A herbicide-free weed control trial by Cambridge City Council in the wards of Newnham and Arbury will be extended to include West Chesterton and Trumpington this year.

Councillors agreed to expand the trial area at its environment and community scrutiny committee on March 23 and to continue the development of the Happy Bee Street Scheme.

Previous herbicide damage to grass verges in the Newnham ward. Picture: Richard Marsham
Previous herbicide damage to grass verges in the Newnham ward. Picture: Richard Marsham

In the four trial wards, the council will use mechanical sweeping and hand tools, such as hoes and spades, in place of herbicide, to manage unwanted vegetation.

Cllr Alex Collis (Lab, Kings Hedges), executive councillor for open spaces, said: “Expanding the trial highlights our commitment to moving towards a herbicide free Cambridge in a way that works best for the whole city.

“Maintaining our streets and open spaces should not have to come at the cost of harming the environment. We hope that this trial continues to show that it is possible to implement other methods of managing unwanted vegetation in our streets and open spaces. This is for the benefit of both people, in terms of their accessibility and safety; and wildlife, including bees and other pollinators.

“The use of non-chemical weed control helps us to work towards our clear commitment to a pesticide free Cambridge.

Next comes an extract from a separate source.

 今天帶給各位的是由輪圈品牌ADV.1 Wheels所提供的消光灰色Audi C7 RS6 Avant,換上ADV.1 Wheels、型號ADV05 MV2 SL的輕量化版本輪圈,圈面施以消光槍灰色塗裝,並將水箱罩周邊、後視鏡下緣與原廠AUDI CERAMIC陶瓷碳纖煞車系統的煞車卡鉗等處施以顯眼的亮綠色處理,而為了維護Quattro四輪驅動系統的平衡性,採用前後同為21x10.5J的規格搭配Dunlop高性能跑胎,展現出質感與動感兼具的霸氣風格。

This contributes to our overall aim of improving biodiversity in the city.”

The trial forms part of the council’s Herbicide Reduction Plan, which was adopted in 2022.

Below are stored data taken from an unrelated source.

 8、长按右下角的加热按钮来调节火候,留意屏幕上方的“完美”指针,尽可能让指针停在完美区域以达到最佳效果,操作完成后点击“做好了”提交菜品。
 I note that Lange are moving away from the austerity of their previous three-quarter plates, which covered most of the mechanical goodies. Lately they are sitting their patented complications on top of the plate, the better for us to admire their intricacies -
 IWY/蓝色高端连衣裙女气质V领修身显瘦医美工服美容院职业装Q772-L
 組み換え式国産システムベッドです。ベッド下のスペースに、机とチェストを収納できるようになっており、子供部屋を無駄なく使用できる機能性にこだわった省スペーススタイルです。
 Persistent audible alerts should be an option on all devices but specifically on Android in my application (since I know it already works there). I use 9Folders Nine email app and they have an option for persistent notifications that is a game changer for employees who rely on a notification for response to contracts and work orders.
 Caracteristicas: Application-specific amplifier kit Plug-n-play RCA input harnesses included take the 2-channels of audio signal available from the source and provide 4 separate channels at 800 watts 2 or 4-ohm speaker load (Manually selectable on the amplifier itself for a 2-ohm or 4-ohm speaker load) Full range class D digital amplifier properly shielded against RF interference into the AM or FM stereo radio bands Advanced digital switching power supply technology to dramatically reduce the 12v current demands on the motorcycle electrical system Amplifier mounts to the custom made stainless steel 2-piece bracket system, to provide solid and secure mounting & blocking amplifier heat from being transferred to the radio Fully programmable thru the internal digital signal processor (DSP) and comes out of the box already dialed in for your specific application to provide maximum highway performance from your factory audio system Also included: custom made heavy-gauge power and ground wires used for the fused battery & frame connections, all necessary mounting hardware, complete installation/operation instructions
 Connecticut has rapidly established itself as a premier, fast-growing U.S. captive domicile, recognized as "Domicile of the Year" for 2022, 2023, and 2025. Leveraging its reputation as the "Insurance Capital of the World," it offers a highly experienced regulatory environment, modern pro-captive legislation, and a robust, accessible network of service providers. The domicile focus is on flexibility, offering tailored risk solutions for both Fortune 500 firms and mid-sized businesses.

The council also stopped using herbicides in playgrounds and parks and other open spaces that it manages in 2019.

Meanwhile, the Happy Bee Streets project encourages communities to look after their own streets without using weed killers.

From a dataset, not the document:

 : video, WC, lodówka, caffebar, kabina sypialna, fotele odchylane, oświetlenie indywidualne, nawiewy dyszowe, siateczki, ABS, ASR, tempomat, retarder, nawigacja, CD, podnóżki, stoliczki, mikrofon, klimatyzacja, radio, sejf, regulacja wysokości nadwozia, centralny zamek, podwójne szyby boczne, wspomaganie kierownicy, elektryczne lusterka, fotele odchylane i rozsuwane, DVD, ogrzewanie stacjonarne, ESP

Julia Shaw and Ben Greig, of Pesticide-Free Cambridge, said: “It’s good news that the herbicide free trials are being expanded from two to four wards, alongside a general reduction of spraying schedules that has arisen in part from the county council’s decision to stop using herbicide to control vegetation growth on the county public highway network.

“Naturally, we would prefer an immediate, hard-stop of council herbicide spraying across the city, but we look forward to continuing to work with and supporting the council to achieve our common goal of a pesticide-free Cambridge, whilst also working with other stakeholders to tackle broader pesticide use in the interests of biodiversity, public health and disability rights, and in ways that compliment Cambridge City Council’s herbicide free trials and street adoption schemes.”

They added: “While we welcome the city council’s commitment to signing up more Happy Bee Street groups, we are disappointed that it did not move to a city-wide herbicide-free highway and pavement management scheme by the end of last year.”

Herbicides are known to damage the surrounding environment and pose a threat to animals, harming or killing invertebrates, which are play a key role in soil health, water quality and the ecosystem. Herbicide spraying can also lead to damage to nearby plants.